Record extracts START

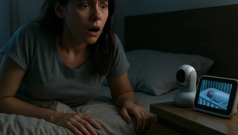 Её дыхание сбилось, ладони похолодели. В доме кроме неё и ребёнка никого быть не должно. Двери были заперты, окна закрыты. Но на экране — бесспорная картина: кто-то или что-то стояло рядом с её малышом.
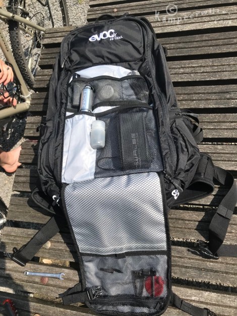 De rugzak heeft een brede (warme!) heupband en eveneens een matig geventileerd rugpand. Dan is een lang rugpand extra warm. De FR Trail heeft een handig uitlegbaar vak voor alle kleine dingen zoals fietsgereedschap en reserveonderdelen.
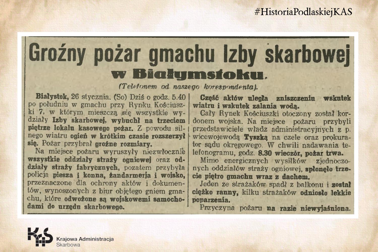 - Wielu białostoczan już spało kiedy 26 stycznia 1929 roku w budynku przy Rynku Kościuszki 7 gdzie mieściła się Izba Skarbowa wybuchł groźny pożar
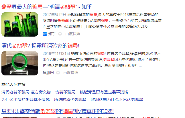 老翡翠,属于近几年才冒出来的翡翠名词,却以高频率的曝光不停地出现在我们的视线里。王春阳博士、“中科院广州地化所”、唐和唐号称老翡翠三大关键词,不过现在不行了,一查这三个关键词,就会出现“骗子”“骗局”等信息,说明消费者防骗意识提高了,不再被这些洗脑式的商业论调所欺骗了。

Record extracts END
Record extracts START

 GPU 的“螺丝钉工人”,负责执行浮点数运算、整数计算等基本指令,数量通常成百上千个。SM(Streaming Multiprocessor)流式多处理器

Record extracts END
Record extracts START

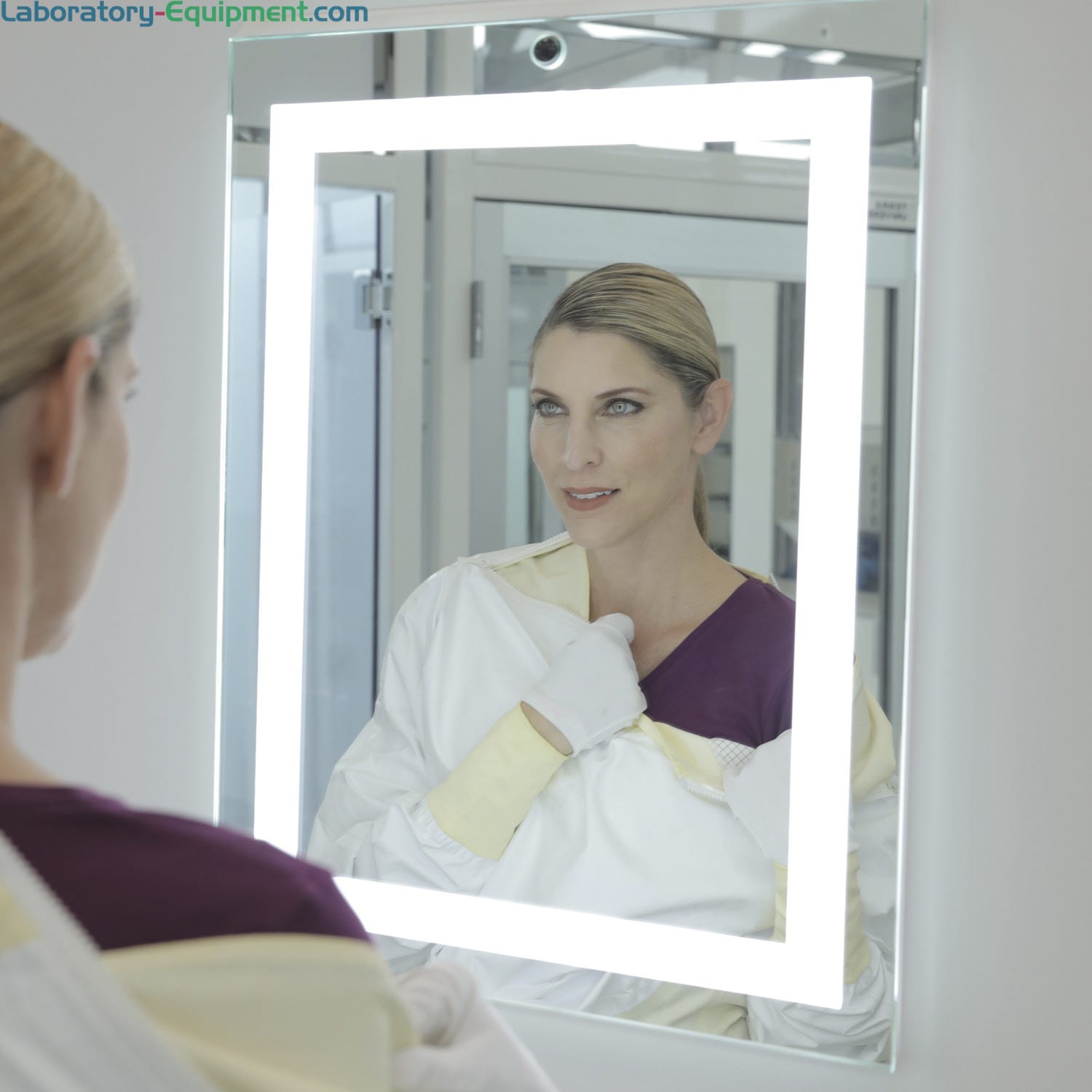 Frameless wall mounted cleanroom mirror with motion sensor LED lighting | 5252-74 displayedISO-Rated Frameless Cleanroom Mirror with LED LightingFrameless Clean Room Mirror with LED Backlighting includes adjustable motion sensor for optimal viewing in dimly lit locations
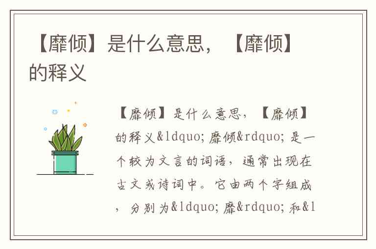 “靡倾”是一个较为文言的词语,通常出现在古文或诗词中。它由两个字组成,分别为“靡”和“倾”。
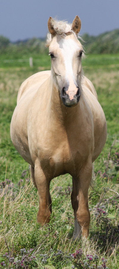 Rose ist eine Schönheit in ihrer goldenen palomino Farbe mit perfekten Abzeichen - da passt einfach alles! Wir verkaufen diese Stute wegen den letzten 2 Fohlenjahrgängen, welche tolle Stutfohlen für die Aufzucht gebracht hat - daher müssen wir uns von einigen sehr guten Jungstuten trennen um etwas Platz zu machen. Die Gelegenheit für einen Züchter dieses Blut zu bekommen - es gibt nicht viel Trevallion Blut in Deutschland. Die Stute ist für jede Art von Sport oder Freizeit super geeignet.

Record extracts END

Could the stretch from the line with "Её дыхание сбилось, ладони" through the line with "老翡翠,属于近几年才冒出来的" in the listing above be restated word for word, minus the pictures?

 Её дыхание сбилось, ладони похолодели. В доме кроме неё и ребёнка никого быть не должно. Двери были заперты, окна закрыты. Но на экране — бесспорная картина: кто-то или что-то стояло рядом с её малышом.
 De rugzak heeft een brede (warme!) heupband en eveneens een matig geventileerd rugpand. Dan is een lang rugpand extra warm. De FR Trail heeft een handig uitlegbaar vak voor alle kleine dingen zoals fietsgereedschap en reserveonderdelen.
 - Wielu białostoczan już spało kiedy 26 stycznia 1929 roku w budynku przy Rynku Kościuszki 7 gdzie mieściła się Izba Skarbowa wybuchł groźny pożar
 老翡翠,属于近几年才冒出来的翡翠名词,却以高频率的曝光不停地出现在我们的视线里。王春阳博士、“中科院广州地化所”、唐和唐号称老翡翠三大关键词,不过现在不行了,一查这三个关键词,就会出现“骗子”“骗局”等信息,说明消费者防骗意识提高了,不再被这些洗脑式的商业论调所欺骗了。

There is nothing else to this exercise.